### What to do
The expected answer is a verbatim transcription of the lines below, beginning with the first and ending with the line that holds "Levi Ferreira (12), que", without pictures.

━━━━━━━━━━━━━━━━━━━━

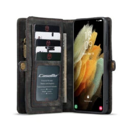 Black Galaxy S21 Wallet Zipper Purse Removeable Magnetic Case
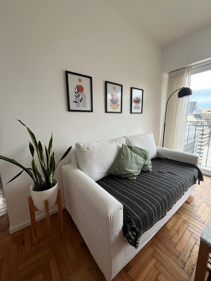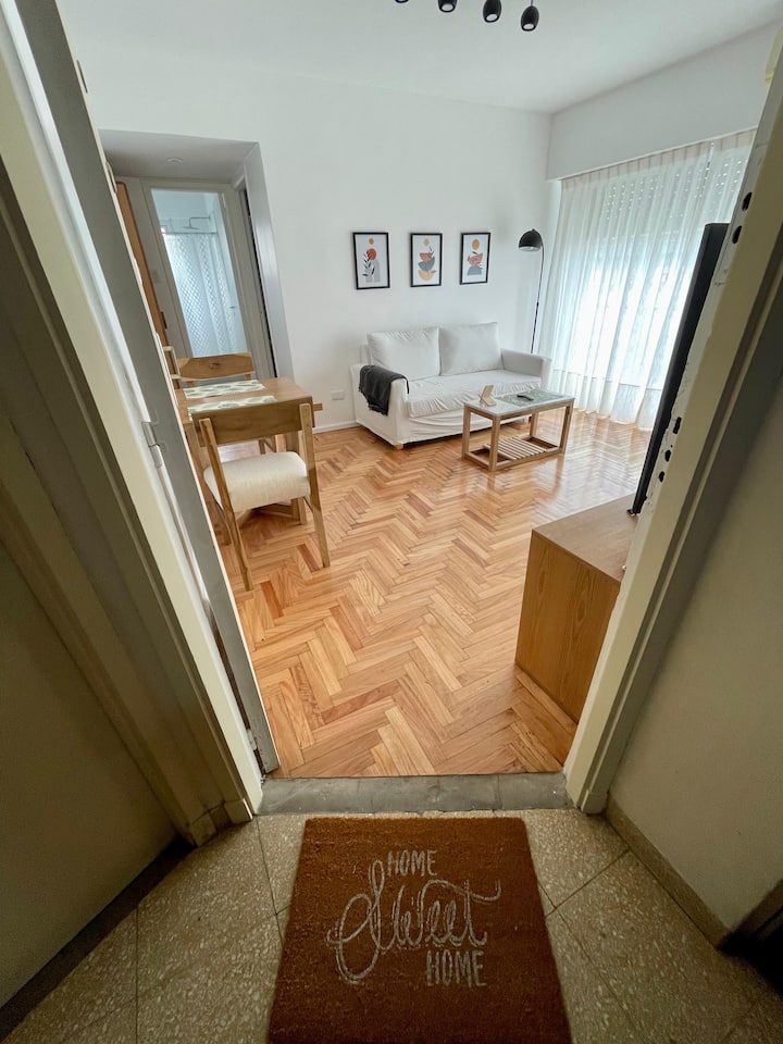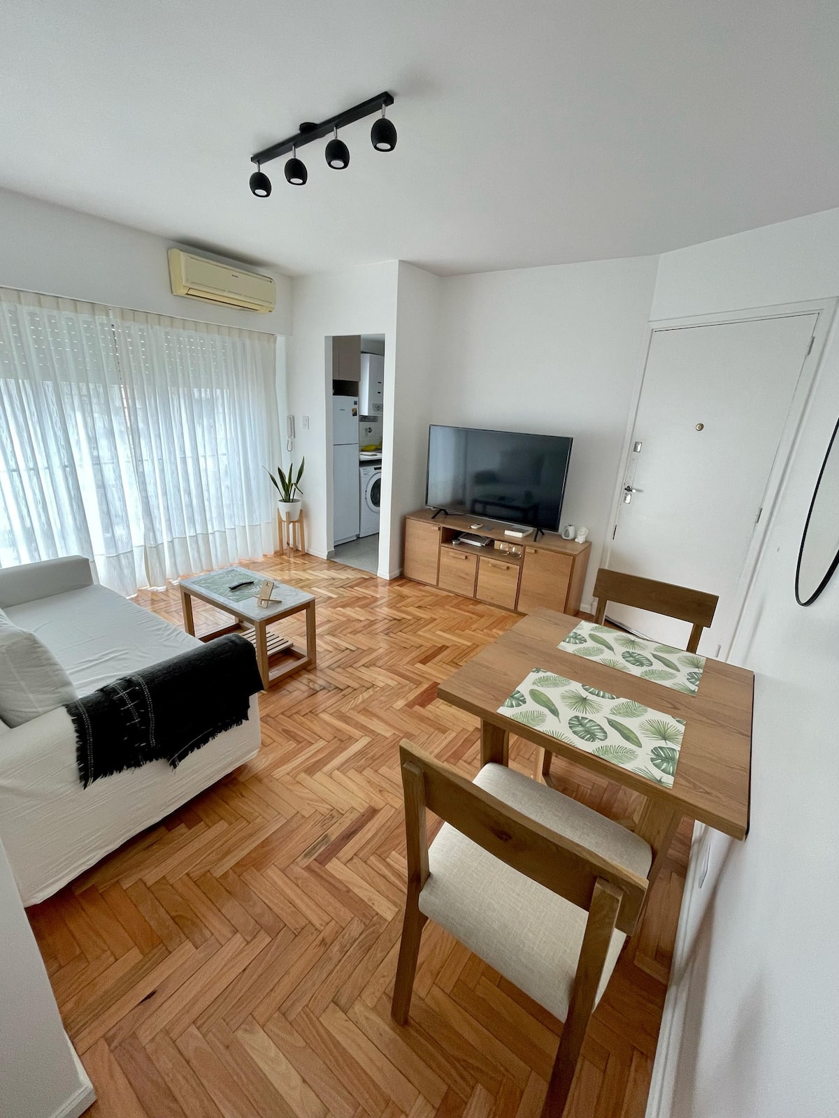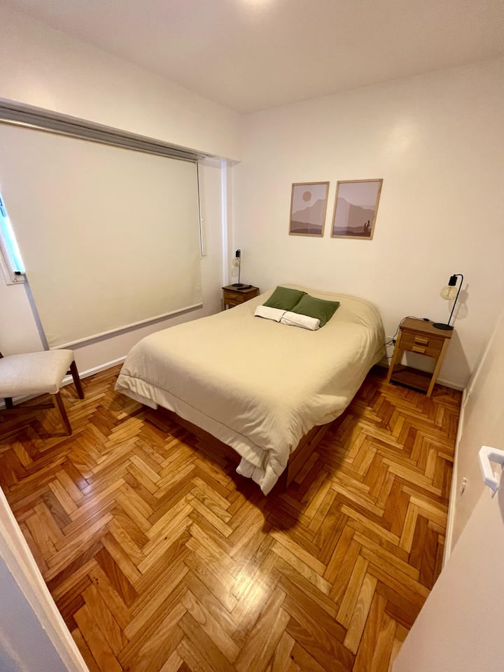 Квартира в Retiro с 2 комнатами. В объявлении указана яркая обстановка и размещение для краткосрочного проживания, а также для длительных поездок. В квартире есть стиральная машина (Lavarropas). Сообщается о близости двух станций метро линий C и E, а также о расположении рядом с Plaza San Martín.
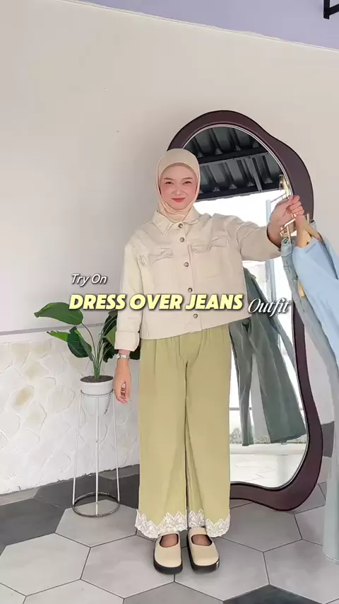 try on dress over jeanss🩵😆🤏🏻##outfitoftheday#rekomendasioutfit#tokobajupurwokerto#outfitinspiration#dressoverjeans#cuteoutfit#stylingtips#stylingoutfits
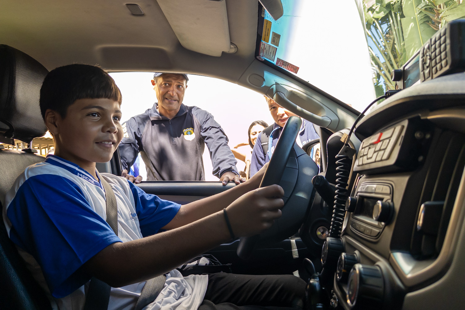 Levi Ferreira (12), que usou os óculos de simulação de efeitos etílicos e de sonolência, tentou passar por obstáculos. “Não é fácil. As imagens aparecem esticadas. Nunca vou usar álcool para dirigir”, afirmou. Joana Angélica Gonçalves (12) conheceu uma viatura da PRF por dentro. “Achei muito legal, principalmente o rádio para comunicação”.
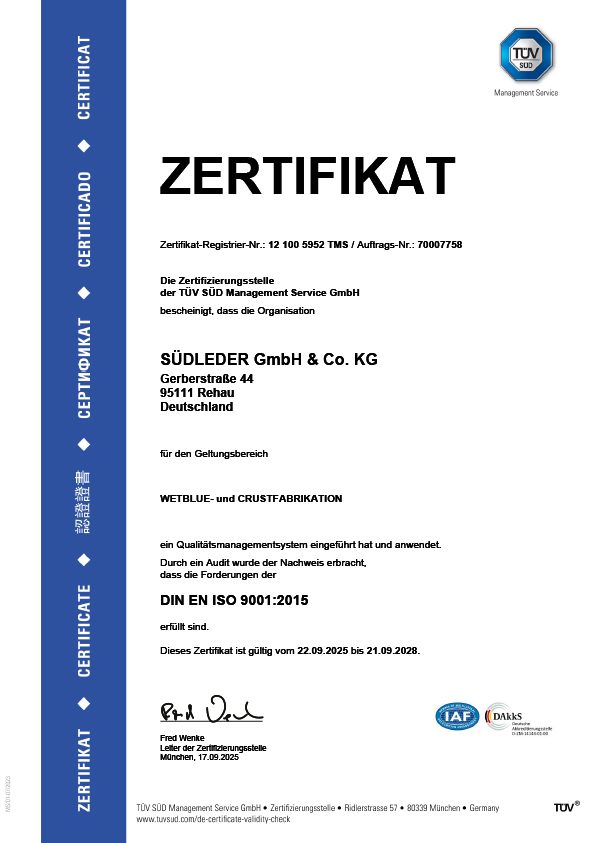Genauso leistungsstark sind wir in allen Qualitätsfragen. Das garantiert zum einen unsere Erfahrung mit dem Werkstoff Leder und zum anderen das zertifizierte Qualitätsmanagement nach DIN EN ISO 9001:2015. Es beinhaltet alle Arbeitsschritte: Von der sorgfältigen Kontrolle der angelieferten Kundenware, der analytischen Eingangskontrolle der eingesetzten Hilfsmittel, über die Arbeit des Kompetenz-Teams, das Grundlagen entwickelt, auf denen alle Kundenwünsche exakt umgesetzt werden können, bis hin zur Qualitäts-Produktion und Auslieferung der bestellten Ware. Unser Datensystem gewährleistet die Bereitstellung aller Detailinformationen über Haut und Leder für unsere Kunden.
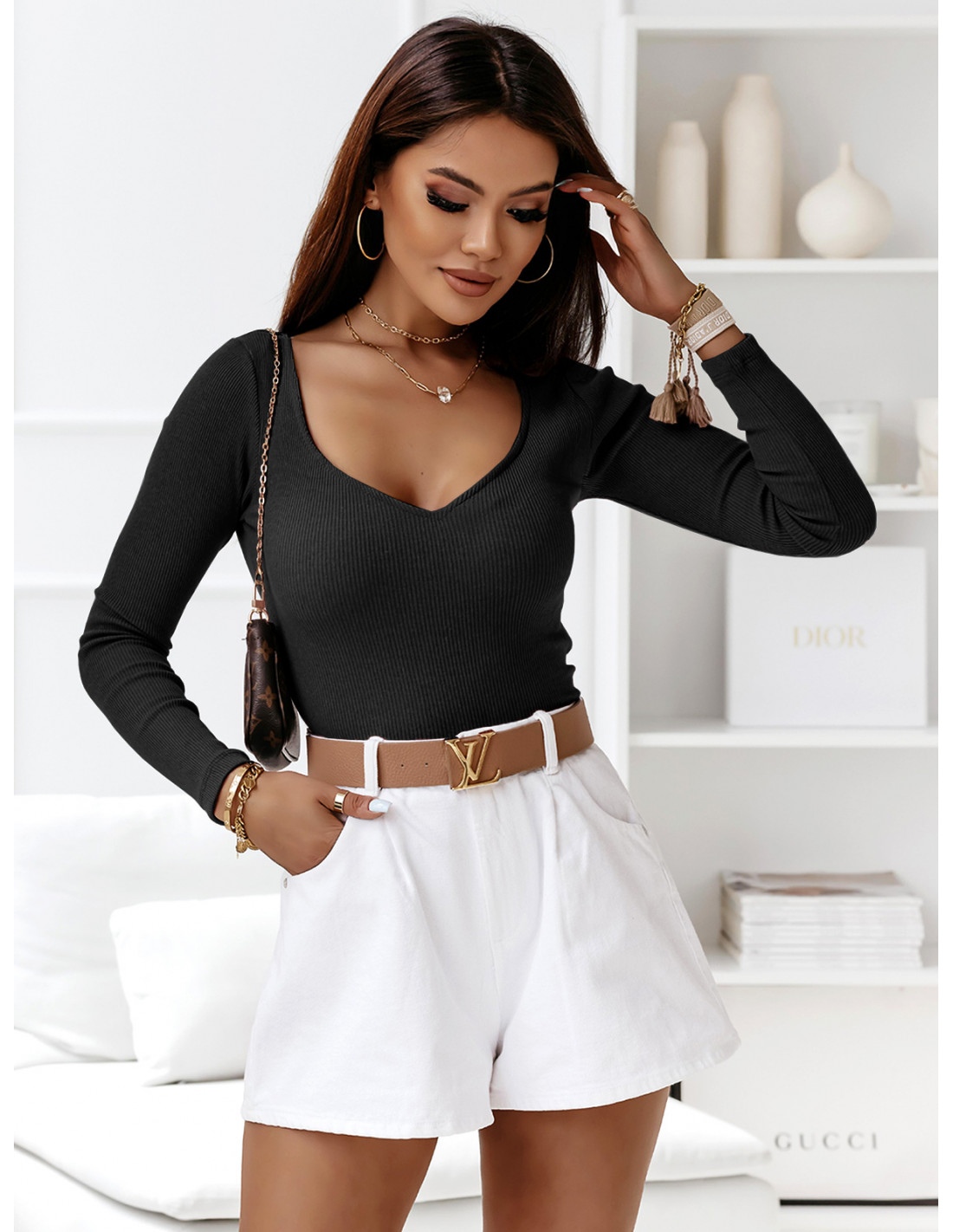 Prążkowana bluzka z głębokim dekoltem - SORIA - czarna
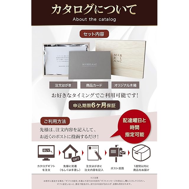 【申込期限6ヶ月で、贈るタイミングも自由自在】 カタログギフトは、6ヶ月の申込期限がされているため、贈られた方は自分の都合の良いタイミングで注文可能です。また、配送の曜日や時間指定も対応しているため、予定に合わせてスムーズに受け取ることができます。贈り物としてだけでなく、ビジネスシーンや感謝の気持ちを伝える機会にもぴったりのギフトです。

━━━━━━━━━━━━━━━━━━━━

### Response to the task
 Black Galaxy S21 Wallet Zipper Purse Removeable Magnetic Case
 Квартира в Retiro с 2 комнатами. В объявлении указана яркая обстановка и размещение для краткосрочного проживания, а также для длительных поездок. В квартире есть стиральная машина (Lavarropas). Сообщается о близости двух станций метро линий C и E, а также о расположении рядом с Plaza San Martín.
 try on dress over jeanss🩵😆🤏🏻##outfitoftheday#rekomendasioutfit#tokobajupurwokerto#outfitinspiration#dressoverjeans#cuteoutfit#stylingtips#stylingoutfits
 Levi Ferreira (12), que usou os óculos de simulação de efeitos etílicos e de sonolência, tentou passar por obstáculos. “Não é fácil. As imagens aparecem esticadas. Nunca vou usar álcool para dirigir”, afirmou. Joana Angélica Gonçalves (12) conheceu uma viatura da PRF por dentro. “Achei muito legal, principalmente o rádio para comunicação”.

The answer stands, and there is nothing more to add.